Just a couple shots. Luckily we dodged the Moose Creek fire. Beautiful canyon and float.

Reactions: Like 2 | EyeCandy! 2 | Way Cool 8


----------



## Tom Smart (Aug 5, 2022)

That’s just an amazing trip!

Reactions: Thank You! 1


----------



## Eric Rorabaugh (Aug 5, 2022)

Awesomeness!!!

Reactions: Thank You! 1


----------



## 2feathers Creative Making (Aug 5, 2022)

Shame you couldn't just get away from civilization for a while...

Reactions: Thank You! 1 | Funny 1


----------



## DLJeffs (Aug 5, 2022)

2feathers Creative Making said:


> Shame you couldn't just get away from civilization for a while...


Well, there were 19 people in our group, plus 6 guides.
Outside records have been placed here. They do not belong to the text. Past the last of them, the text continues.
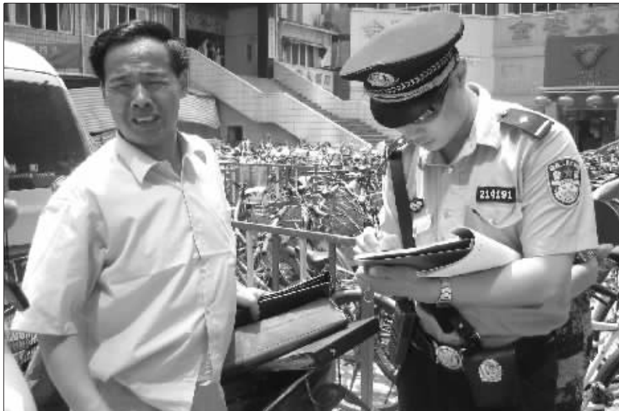
老黄说起刚才的遭遇,懊恼异常

昨天,发生在金鑫大厦的一幕把不少人都惊呆了。最后,只有8楼的一名男子从窗口凌空抓到一张纸币,交给了皮包的主人,而其余77张百元大钞均没了踪影。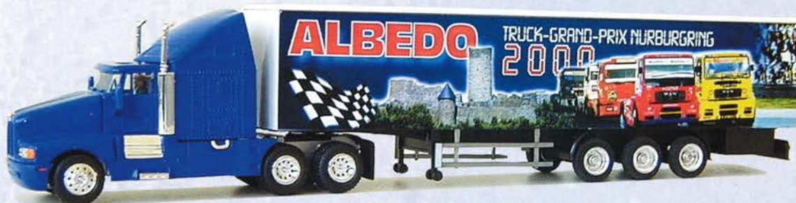
Best.-Nr. 200 103* Kenworth Koffersattelzug "Truck Grand Prix 2000" DM 39.-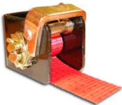
Winch met U-vorm montageplaat voor bandbreedtes tot 50mm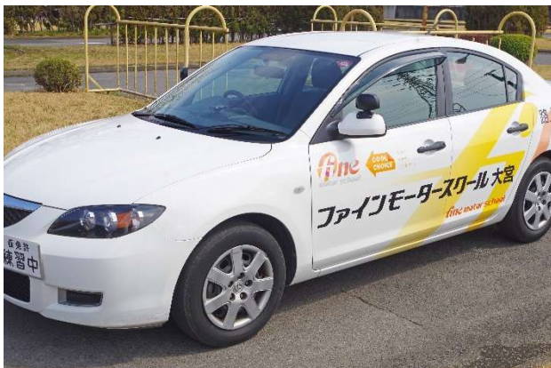
COOLCHOICEのラッピング教習車

教習所の枠を越えたエコドライブ普及啓発活動としては、環境省主導の「COOL CHOICE」に賛同し、地球温暖化対策に資する賢い選択の一つとして設定されている「エコドライブアクション」を推進しました。地域の方がエコドライブに興味を持つきっかけとなるよう、教習車や送迎バスをラッピングし(2016年)、地域の親子を対象にした森づくりプロジェクト(2010年開始)では、森づくり活動の団体に継続的に寄付をするほか、不要な木を間伐する「育林活動」を通じて、エコドライブと地球環境全体の関係性について説明しています。これらの取り組みは、各褒賞制度で評価されました(※2)。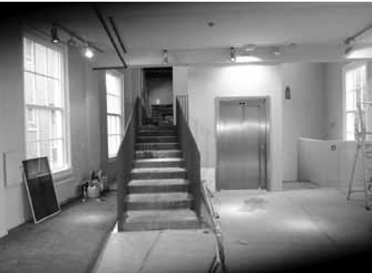
Het nieuwe interieur van museum Flehite tijdens de verbouwing

Menigeeen zal het niet ontgaan zijn dat de Kamperbinnenpoort begin van dit jaar in de steigers heeft gestaan. Zoals ook al in eerdere berichtgevingen gemeld was de restauratie vooral noodzakelijk door scheurvorming in het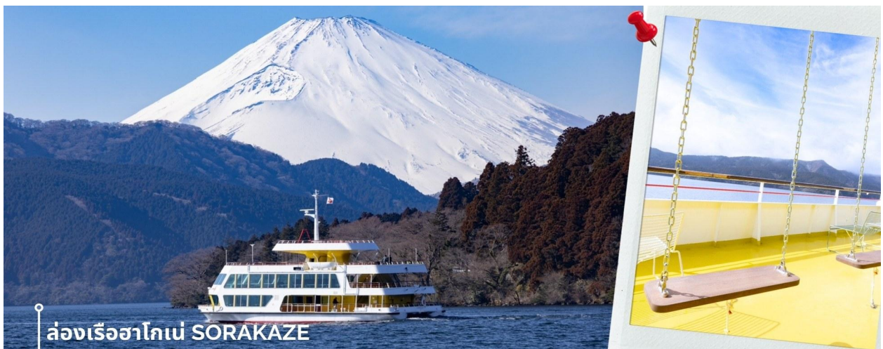
ล่องเรือฮาโกเน่ SORAKAZE

หลังรับประทานอาหารเช้า พาท่านเดินทางสู่ ทะเลสาบอาชิ ซึ่งเป็นทะเลสาบที่ล้อมรอบไปด้วยธรรมชาติที่อุดมสมบูรณ์และวิวภูเขาฟูจิ เป็นหนึ่งในทะเลสาบที่สวยงามที่สุดในญี่ปุ่น ในประวัติศาสตร์เชื่อกันว่าทะเลสาบแห่งนี้เกิดขึ้นจากการปะทุของภูเขาไฟเมื่อประมาณ 3100 ปีก่อน ปัจจุบันเป็นแหล่งท่องเที่ยวในฮาโกเน่ พาท่าน ล่องเรือฮาโกเน่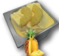
0686 Piña Crema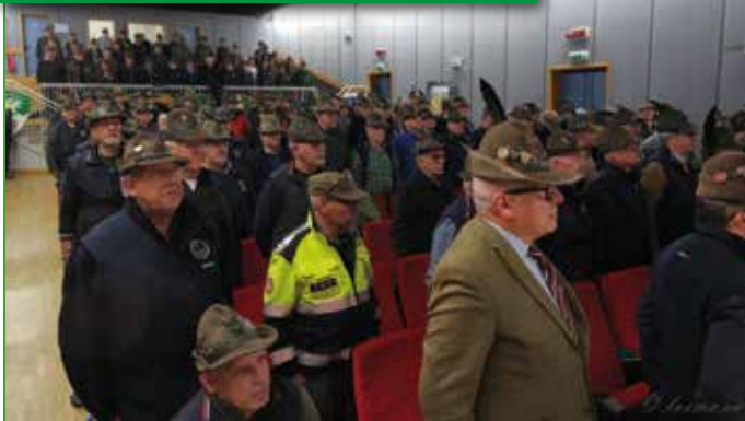
Il salone del Teatro "Eleonora Duse" di Besozzo durante gli Onori al Tricolore all'inizio dell'Assemblea dei Delegati 2025 della Sezione di Varese.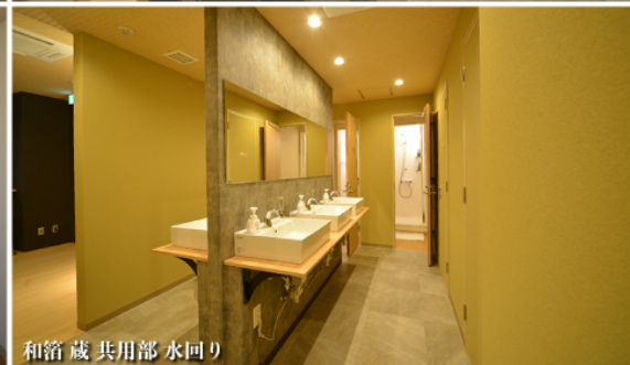
和箱蔵 共用部水回り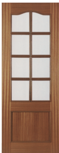
• • • L1PV8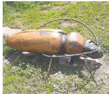
■ Po dřevěných broucích budou moci děti i chodit.

Projekt Život v trávě, který připravilo a financuje město Znojmo, má dětem i dospělým přiblížit místní faunu. Konkrétně jde o pět druhů brouků žijících v přírodě našeho kraje. Na jejich vyhotovení už nějaký čas pracuje umělecký řezbář Petr Steffan. Jeho práce se blíží ke konci. Dřevění brouci o velikosti 1–1,5 m jsou z tvrdého

Then there were at least 4 other outfitters running groups down the river and I saw at least two private floaters, so it wasn't like we were completely in the out back. Still a fun trip.

We did see a bear climbing the slope opposite our camp one evening. Lots of bighorn sheep - all females and juvenile males and babies. All the big rams were up in the high country.

Reactions: Like 2 | Way Cool 4


----------



## JonathanH (Aug 5, 2022)

Fantastic scenery! Looks very peaceful.

Reactions: Thank You! 1


----------



## Nature Man (Aug 5, 2022)

Congrats! Every man’s dream trip! The pictures really give us a small glimpse into your adventure! Chuck

Reactions: Thank You! 1


----------



## Mike1950 (Aug 5, 2022)

My mill guy went down Salmon in june. It was wild. But he is young. Beautiful ground

Reactions: Agree 1


----------